====== Input for this task ======

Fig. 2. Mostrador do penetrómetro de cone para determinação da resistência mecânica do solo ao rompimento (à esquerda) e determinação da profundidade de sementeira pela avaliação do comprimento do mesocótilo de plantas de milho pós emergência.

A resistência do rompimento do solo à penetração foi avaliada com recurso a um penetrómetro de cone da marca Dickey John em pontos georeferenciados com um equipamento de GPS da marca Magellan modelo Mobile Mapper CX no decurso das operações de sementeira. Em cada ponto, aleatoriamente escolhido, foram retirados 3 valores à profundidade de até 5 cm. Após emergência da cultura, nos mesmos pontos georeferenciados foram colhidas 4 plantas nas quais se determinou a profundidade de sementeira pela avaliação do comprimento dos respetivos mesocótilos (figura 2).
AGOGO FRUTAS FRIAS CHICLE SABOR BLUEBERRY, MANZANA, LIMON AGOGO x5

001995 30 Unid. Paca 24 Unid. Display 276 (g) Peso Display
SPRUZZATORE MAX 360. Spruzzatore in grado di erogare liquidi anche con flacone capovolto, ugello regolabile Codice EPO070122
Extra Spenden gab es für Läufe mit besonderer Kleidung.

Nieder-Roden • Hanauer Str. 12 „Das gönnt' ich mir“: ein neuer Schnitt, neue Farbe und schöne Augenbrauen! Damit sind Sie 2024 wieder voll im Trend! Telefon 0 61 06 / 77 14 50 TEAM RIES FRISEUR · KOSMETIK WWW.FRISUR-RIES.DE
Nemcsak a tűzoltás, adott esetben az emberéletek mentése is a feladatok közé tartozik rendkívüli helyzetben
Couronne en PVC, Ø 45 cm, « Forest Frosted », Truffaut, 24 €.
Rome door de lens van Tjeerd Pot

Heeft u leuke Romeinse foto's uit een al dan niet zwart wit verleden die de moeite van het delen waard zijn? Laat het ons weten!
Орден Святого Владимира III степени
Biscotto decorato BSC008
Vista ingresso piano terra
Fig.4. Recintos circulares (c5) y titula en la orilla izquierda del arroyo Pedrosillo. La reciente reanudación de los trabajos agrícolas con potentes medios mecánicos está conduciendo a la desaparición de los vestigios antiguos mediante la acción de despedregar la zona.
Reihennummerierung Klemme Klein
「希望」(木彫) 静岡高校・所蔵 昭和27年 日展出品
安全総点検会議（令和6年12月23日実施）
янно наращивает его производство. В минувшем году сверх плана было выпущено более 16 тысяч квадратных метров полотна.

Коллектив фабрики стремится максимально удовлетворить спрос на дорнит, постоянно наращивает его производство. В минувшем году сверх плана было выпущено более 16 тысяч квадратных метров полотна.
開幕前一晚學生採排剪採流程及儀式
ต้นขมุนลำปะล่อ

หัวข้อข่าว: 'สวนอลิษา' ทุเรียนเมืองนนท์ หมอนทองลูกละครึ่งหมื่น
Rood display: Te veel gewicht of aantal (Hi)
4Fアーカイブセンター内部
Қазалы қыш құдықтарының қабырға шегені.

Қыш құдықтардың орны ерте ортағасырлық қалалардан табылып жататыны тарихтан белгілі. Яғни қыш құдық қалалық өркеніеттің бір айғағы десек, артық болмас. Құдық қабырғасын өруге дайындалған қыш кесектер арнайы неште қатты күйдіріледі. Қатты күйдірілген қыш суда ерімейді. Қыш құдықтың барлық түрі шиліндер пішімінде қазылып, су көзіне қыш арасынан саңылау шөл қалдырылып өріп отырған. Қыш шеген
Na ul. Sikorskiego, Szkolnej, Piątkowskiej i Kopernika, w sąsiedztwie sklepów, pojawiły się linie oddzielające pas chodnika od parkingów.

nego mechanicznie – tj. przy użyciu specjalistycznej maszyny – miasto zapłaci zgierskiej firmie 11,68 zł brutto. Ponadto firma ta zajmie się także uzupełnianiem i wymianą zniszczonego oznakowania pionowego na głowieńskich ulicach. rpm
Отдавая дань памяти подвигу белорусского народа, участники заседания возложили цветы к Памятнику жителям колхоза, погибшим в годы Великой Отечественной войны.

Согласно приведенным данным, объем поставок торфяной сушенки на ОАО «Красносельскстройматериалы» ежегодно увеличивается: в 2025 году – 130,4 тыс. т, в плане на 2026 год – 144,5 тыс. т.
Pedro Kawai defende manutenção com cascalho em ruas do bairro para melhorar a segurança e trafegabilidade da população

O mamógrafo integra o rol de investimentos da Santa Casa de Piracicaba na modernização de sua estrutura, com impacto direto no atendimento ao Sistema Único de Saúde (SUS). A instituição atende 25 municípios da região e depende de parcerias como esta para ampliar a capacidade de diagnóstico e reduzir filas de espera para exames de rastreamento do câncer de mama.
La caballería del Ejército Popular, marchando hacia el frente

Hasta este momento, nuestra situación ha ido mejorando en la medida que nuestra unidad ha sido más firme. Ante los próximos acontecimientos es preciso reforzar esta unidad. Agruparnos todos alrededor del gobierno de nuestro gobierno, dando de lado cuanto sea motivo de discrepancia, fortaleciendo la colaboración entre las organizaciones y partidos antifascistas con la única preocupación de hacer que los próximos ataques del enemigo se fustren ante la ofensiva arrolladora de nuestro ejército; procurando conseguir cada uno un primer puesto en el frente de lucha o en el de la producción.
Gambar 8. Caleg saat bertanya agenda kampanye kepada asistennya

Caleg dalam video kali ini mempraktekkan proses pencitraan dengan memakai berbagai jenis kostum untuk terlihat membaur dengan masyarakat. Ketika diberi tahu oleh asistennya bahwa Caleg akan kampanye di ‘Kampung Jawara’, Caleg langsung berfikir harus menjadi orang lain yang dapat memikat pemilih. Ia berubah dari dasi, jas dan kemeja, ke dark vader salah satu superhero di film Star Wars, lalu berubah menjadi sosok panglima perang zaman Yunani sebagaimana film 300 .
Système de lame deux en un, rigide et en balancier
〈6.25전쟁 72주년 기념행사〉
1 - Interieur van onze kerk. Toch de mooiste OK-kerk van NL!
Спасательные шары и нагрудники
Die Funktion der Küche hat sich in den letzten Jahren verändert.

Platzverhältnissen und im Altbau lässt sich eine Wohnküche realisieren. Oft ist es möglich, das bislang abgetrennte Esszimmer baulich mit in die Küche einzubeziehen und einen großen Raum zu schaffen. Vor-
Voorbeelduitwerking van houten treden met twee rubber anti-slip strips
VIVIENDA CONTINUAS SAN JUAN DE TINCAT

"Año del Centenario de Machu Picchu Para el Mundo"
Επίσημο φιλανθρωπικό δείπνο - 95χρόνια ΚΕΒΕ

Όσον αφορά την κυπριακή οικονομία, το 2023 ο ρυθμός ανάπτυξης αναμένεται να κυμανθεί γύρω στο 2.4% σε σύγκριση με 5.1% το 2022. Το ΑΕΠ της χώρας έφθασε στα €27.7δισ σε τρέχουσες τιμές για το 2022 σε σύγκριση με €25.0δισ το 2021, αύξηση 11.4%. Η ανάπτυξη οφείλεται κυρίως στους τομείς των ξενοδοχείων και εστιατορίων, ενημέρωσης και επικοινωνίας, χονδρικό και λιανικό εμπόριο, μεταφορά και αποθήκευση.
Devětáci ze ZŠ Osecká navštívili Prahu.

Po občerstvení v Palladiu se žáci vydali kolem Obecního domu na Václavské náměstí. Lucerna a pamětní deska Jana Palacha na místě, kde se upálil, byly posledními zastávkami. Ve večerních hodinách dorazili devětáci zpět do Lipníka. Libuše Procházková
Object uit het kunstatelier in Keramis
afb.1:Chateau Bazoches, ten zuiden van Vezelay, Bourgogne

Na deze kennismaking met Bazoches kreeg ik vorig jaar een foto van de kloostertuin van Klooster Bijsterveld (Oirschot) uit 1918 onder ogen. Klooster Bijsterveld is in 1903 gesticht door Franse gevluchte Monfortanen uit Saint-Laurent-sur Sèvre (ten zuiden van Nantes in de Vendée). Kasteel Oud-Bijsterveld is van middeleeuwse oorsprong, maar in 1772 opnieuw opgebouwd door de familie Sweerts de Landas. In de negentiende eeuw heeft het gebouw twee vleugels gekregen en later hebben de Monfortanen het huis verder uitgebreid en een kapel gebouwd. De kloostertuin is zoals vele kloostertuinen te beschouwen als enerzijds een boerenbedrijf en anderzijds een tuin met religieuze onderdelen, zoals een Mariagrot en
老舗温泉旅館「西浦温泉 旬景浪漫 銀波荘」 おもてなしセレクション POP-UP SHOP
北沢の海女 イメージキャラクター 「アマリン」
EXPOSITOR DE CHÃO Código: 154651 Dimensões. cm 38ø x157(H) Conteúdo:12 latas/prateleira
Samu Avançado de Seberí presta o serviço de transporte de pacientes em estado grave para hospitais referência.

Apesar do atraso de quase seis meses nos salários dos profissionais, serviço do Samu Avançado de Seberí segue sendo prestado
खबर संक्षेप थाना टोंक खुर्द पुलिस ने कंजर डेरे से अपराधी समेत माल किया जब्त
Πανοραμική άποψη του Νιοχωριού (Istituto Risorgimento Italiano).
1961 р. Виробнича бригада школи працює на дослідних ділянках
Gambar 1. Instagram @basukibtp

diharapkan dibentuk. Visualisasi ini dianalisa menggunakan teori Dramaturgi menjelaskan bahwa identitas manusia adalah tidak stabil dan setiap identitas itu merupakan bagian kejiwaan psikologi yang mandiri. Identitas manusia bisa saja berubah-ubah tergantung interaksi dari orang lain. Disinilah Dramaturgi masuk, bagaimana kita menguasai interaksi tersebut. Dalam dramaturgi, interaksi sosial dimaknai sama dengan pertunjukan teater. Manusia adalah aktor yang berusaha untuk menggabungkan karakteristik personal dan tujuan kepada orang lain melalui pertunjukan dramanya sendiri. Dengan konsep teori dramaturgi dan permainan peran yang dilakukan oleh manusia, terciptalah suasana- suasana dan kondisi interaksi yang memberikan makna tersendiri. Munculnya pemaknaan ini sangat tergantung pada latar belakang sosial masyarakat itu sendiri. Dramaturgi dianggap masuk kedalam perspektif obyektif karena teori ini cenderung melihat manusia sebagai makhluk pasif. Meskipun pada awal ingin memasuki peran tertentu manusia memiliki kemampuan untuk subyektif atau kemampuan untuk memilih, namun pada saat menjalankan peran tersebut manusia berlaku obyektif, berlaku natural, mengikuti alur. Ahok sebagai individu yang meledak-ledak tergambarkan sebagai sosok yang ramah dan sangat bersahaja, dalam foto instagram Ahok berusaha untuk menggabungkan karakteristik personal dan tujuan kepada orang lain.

======

→ **Instructions to follow**:
Please copy every line from the entries that includes the word "тысяч".

→ **Answer to the exercise**:
янно наращивает его производство. В минувшем году сверх плана было выпущено более 16 тысяч квадратных метров полотна.
Коллектив фабрики стремится максимально удовлетворить спрос на дорнит, постоянно наращивает его производство. В минувшем году сверх плана было выпущено более 16 тысяч квадратных метров полотна.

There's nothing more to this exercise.